■ Directions for this task: Using the material below, print a verbatim copy of every line from the one containing "This page presents" through the one containing "Nous avons été", inclusive, and omit the pictures.

■ Information provided:
-*-

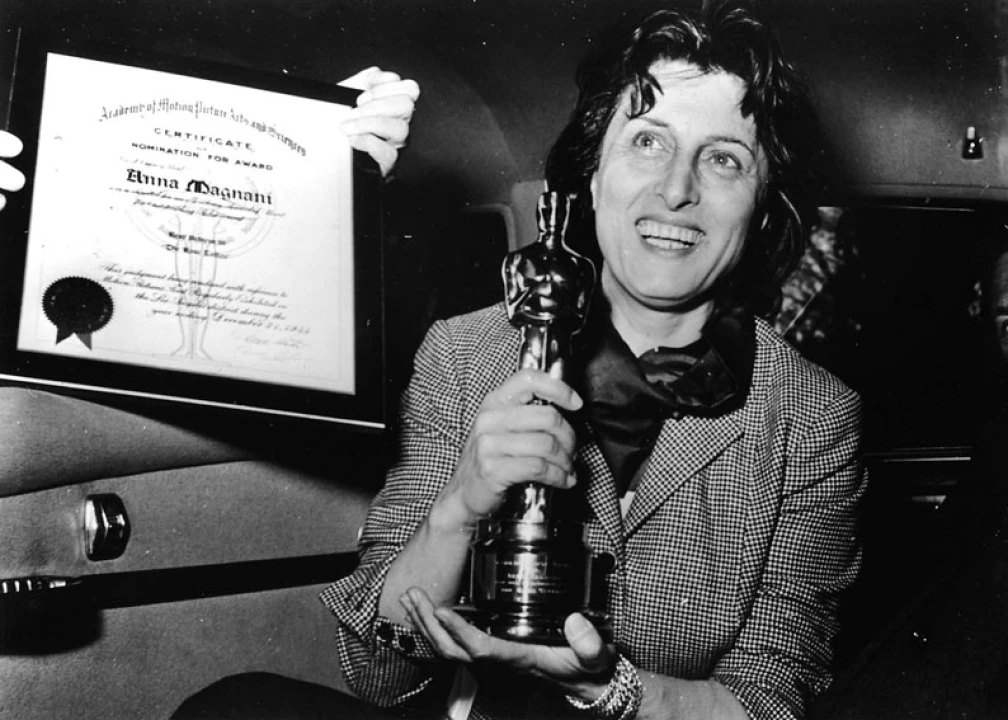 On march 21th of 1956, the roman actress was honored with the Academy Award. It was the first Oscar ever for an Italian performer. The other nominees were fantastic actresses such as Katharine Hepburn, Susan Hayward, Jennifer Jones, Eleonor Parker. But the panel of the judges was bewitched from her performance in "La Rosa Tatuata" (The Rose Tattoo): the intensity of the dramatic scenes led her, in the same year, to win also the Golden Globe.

-*-

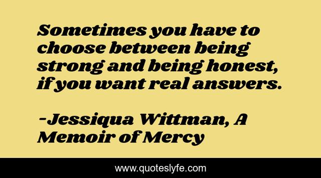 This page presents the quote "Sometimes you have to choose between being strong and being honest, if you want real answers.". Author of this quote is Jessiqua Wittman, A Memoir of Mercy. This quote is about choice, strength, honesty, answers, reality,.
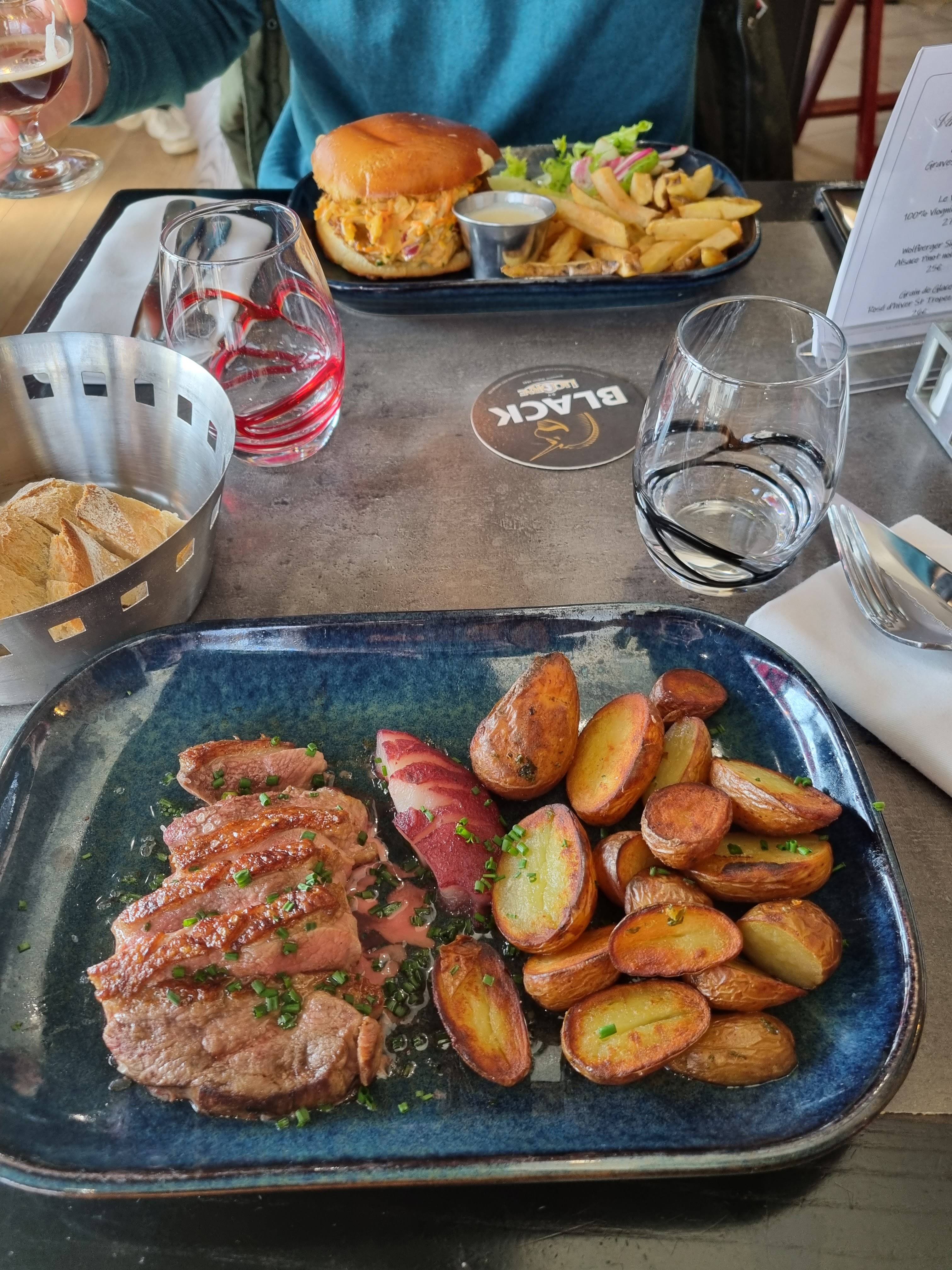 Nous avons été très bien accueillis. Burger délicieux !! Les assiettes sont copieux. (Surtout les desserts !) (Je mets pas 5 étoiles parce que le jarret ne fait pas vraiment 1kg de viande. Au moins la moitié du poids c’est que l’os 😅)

-*-

■ Reply:
 This page presents the quote "Sometimes you have to choose between being strong and being honest, if you want real answers.". Author of this quote is Jessiqua Wittman, A Memoir of Mercy. This quote is about choice, strength, honesty, answers, reality,.
 Nous avons été très bien accueillis. Burger délicieux !! Les assiettes sont copieux. (Surtout les desserts !) (Je mets pas 5 étoiles parce que le jarret ne fait pas vraiment 1kg de viande. Au moins la moitié du poids c’est que l’os 😅)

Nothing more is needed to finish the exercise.